Почти до конца прошлого века родитель пребывал в том счастливом предположении, что его столь развитые, послушные чада со временем поднимут фамилию, станут доброй подпорой родительской старости. Девочек он выдаст за порядочных людей, а старший может далеко пойти по духовной стезе, его ждет Петербургская духовная академия. И младшим сынам сыщется достойное гражданское поприще.
Но вот окончил Михаил Нижегородскую духовную семинарию в 1894 году, окончил ее блестяще и как холодной водой окатил: нейдет он в академию! Он посвятит себя не врачеванию душ человеческих, а лечению грешного тела…

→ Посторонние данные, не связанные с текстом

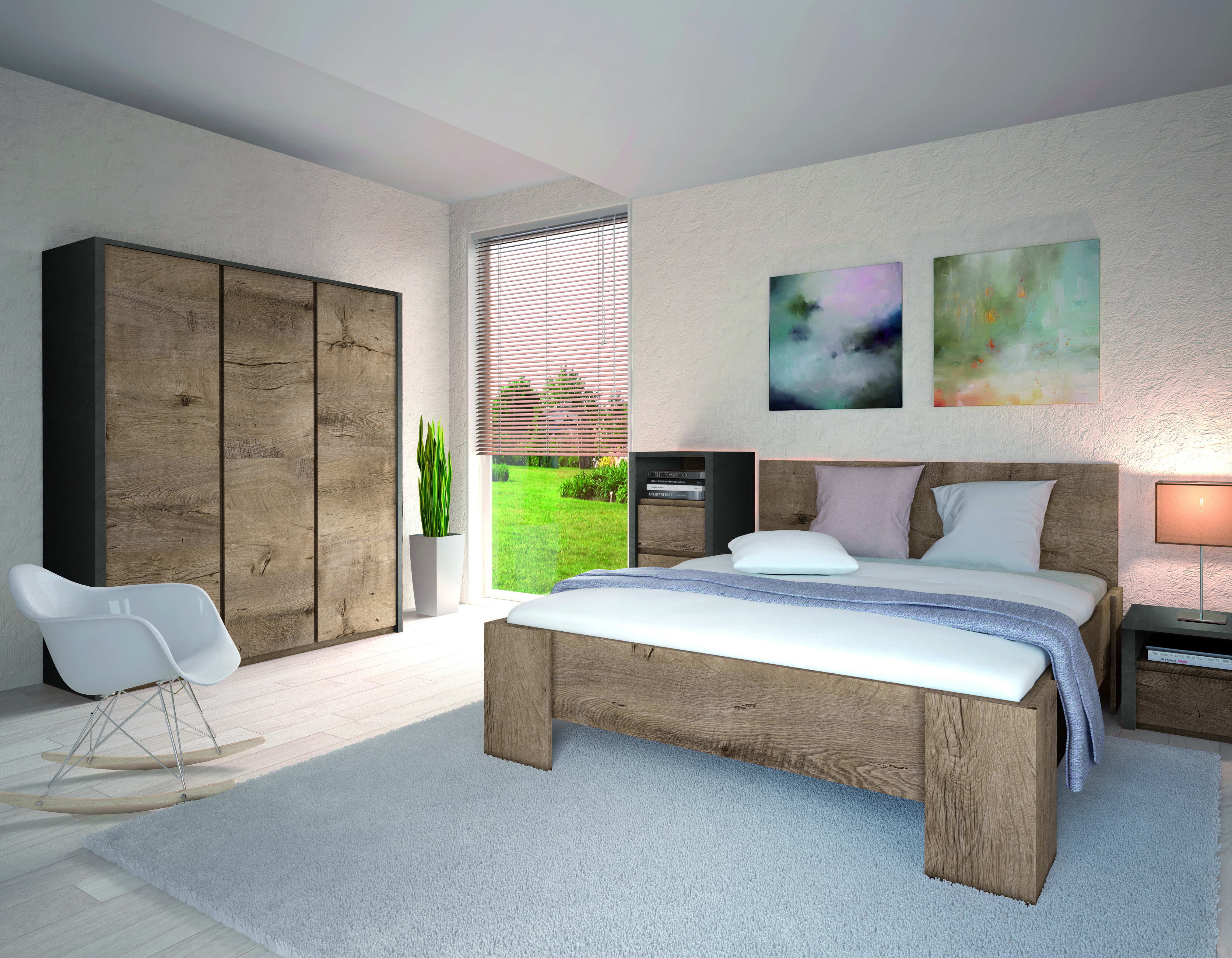 Elegantní nábytkový systém MONTANA má množství segmentů, ze kterých si sami můžete sestavit obývací pokoj, ložnici nebo jídelnu. Sektor MONTANA je vyroben z kvalitní MDF s přiznanou strukturou dřeva, ve dvou barevných dekorech - dub lefkas a dub lefkas ( čelní plochy ) / šedá ( korpus ). Dvířka mají bezúchytové otevíraní.
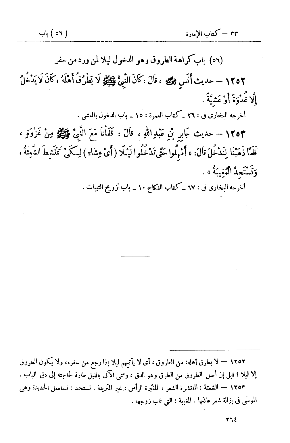 1252 - حديث أَنَسٍ رضي الله عنه، قَالَ: كَانَ النَّبِيُّ صَلَّى اللَّهُ عَلَيْهِ وَسَلَّمَ لاَ يَطْرُقُ أَهْلَهُ، كَانَ لاَ يَدْخلُ إِلاَّ غُدْوَةً أَوْ عَشِيَّةً

Только на медицинские факультеты университетов принимались выпускники духовных семинарий. Сын уже определил для себя: врачебная наука это так, прокормления ради… За шесть лет обучения в Нижнем он не только вкусил от социалистических идей, но и твердо решил уйти в революцию.
Открылся Михаил, что уезжает с товарищами на учебу в Томский университет. Родитель, давненько прислушиваясь к внезапным откровениям сына, опередил старшего в разговоре:
— Кружковщину собрались начинать в Сибири, смущать молодежь. Кем же это ты уполномочен судьбу ломать другим, а?!
Михаил повернулся к отцу — сидели на лавочке у калитки дома и смотрели на затихающий к ночи город, посерьезнел лицом.
— Когда Маркса спросили, каково ваше представление о счастье, он, не колеблясь, ответил: борьба!
Федор Иванович тяжело потянул слова:
— В надежде, что оковы тяжкие падут… Вот о чем твои мечтания, попович. Но ведь после старых оков, как показует история, появляются новые, еще более тяжкие, еще более изощренные…
Через год Михаил, закончивший первый курс медицинского факультета, вернулся из Томска. Он как-то криво усмехнулся в разговоре, коротко отчитался:
— Считай, никого не совратил — сибиряки тугодумы.
— А теперь, значит, сюда, на стремнину идей и дел… Да ты честолюбив!
— Вот-вот, — порадовался Михаил догадке отца.